Your mind is plying tricks on you, your getting in to the mind set to grow! I would also be taking a liver support such as Nac 600-1200mg a day


----------



## YorkBarbell (May 2, 2014)

satisfaction1822 said:


> Your mind is plying tricks on you, your getting in to the mind set to grow! I would also be taking a liver support such as Nac 600-1200mg a day



I'm taking IML Advanced Cycle support as part of the stack. It has 400mg of NAC among other things. So taking this twice a day I'm getting 800mg. I assume that should be good.


----------



## YorkBarbell (May 4, 2014)

4 days in and I had an amazing workout. I added a little extra volume to my normal upper workout. Overall I'm feeling great and my mood is very good. I'm sleeping like a baby at night too. It's still early in the process, but everything seems positive at the moment.


----------



## YorkBarbell (May 6, 2014)

I had a good lower body workout on Sunday. Added weight to both squats and RDLs and seemed to have less DOMS the next day. I moved up in reps on most of the other exercises too. Monday was a rest day and I'll be hitting upper body tonight. 
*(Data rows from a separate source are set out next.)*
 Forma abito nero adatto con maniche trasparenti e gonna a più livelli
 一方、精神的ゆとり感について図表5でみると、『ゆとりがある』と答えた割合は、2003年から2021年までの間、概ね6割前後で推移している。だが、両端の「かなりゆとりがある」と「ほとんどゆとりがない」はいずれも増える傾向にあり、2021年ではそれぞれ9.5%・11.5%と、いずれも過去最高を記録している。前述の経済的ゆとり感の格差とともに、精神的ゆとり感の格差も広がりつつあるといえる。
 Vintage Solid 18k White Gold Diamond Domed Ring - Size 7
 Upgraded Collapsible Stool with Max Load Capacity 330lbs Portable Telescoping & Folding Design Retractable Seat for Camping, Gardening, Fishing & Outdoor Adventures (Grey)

I've ramped my calories up to 3000. I was cutting on 2000 calories. My maintenance is somewhere around 2700-2800. In the first week my weight jumped 4 pounds, but I'm sure that is mostly water weight from the increased calories. My main gauge is how my pants fit, lol. If they don't tighten up, but my weight keeps going up then I know I'm doing good. I'll stick to 3k for a couple weeks then re-evaluate.
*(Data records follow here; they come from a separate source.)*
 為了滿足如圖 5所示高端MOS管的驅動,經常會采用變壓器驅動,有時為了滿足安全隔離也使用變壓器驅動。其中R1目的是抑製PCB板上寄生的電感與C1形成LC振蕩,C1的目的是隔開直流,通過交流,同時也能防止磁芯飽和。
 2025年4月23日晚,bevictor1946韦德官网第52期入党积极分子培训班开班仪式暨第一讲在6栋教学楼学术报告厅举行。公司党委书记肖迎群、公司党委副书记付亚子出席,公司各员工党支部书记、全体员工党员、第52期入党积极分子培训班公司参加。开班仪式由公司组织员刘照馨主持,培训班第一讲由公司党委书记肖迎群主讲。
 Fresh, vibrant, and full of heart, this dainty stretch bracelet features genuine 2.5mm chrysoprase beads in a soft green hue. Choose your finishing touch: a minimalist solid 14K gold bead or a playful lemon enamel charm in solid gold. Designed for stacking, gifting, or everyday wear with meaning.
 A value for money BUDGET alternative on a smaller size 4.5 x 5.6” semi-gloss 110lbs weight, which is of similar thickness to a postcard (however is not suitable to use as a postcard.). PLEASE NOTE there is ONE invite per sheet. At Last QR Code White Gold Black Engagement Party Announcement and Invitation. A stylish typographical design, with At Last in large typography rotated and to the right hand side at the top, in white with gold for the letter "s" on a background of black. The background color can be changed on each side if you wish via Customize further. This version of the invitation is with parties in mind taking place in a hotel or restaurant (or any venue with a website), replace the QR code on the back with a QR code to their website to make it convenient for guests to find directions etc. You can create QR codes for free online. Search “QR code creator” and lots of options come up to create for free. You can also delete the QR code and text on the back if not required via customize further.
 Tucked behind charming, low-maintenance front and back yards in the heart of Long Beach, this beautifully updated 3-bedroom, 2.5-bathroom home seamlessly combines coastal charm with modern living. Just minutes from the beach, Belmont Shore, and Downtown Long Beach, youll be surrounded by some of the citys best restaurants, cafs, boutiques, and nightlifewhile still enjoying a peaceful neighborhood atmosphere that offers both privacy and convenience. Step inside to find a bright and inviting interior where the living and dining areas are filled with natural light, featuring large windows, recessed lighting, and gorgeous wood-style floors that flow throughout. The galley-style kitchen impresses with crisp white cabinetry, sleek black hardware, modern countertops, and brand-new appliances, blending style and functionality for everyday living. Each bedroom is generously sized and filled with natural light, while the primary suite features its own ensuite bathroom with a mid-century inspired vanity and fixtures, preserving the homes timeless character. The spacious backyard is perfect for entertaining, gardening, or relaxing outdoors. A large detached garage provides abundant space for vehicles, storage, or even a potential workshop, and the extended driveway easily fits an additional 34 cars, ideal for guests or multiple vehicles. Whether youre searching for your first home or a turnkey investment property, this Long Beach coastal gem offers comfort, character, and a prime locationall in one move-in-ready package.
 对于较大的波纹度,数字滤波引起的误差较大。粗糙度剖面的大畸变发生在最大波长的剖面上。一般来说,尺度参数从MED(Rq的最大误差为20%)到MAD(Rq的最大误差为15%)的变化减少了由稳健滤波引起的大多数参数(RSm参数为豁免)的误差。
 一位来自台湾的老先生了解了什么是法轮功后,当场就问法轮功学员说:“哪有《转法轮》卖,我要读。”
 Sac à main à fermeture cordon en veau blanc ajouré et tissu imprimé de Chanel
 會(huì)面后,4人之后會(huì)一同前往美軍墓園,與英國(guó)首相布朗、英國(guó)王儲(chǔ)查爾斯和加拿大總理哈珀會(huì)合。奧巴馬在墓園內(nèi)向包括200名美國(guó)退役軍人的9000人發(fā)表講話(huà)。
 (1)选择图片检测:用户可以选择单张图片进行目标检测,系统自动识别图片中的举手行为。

Here's the basic run down of my routine. I start at the bottom of the rep range and when I can do all sets at the top of the rep range with perfect form I add weight and drop back down to the bottom of the rep range. Pretty straight forward.


Upper
Bench Press - 3 x 8-10
DB Row - 3 x 10-12
OHP - 2 x 10-12
Reverse Flys - 2 x 12-15
Incline DB Press - 2 x 12-15
Pulldowns - 2 x 12-15
Lateral Raises - 2 x 12-15
Rev Grip Pushdowns - 2 x 12-15
Poundstone Curls - 1 x 40-70


Lower
Squat - 3 x 6-8
RDL - 2 x 10-12
Leg Extension - 2 x 12-15
Leg Curl - 2 x 12-15
Hack Squats - 2 x 10-12
Calf Raises - 3 x 15-20
Abs - 3 sets of various exercises to failure


I normally alternate chins with pulldowns and deadlifts with squat, but I just recently got over a forearm/bicep tendon strain. That's also why I'm doing the high rep poundstone curls. I should be going back to something more "normal" in a couple weeks once my forearm is closer to 100%.


----------



## YorkBarbell (May 8, 2014)

One full week complete and all is going well. In fact I've felt great. My mood has been exceptionally good. That could be from the stack or it could also be feeling good about the progress in the gym. No major side effects other than seeming to be a little more tired than normal at the end of the day.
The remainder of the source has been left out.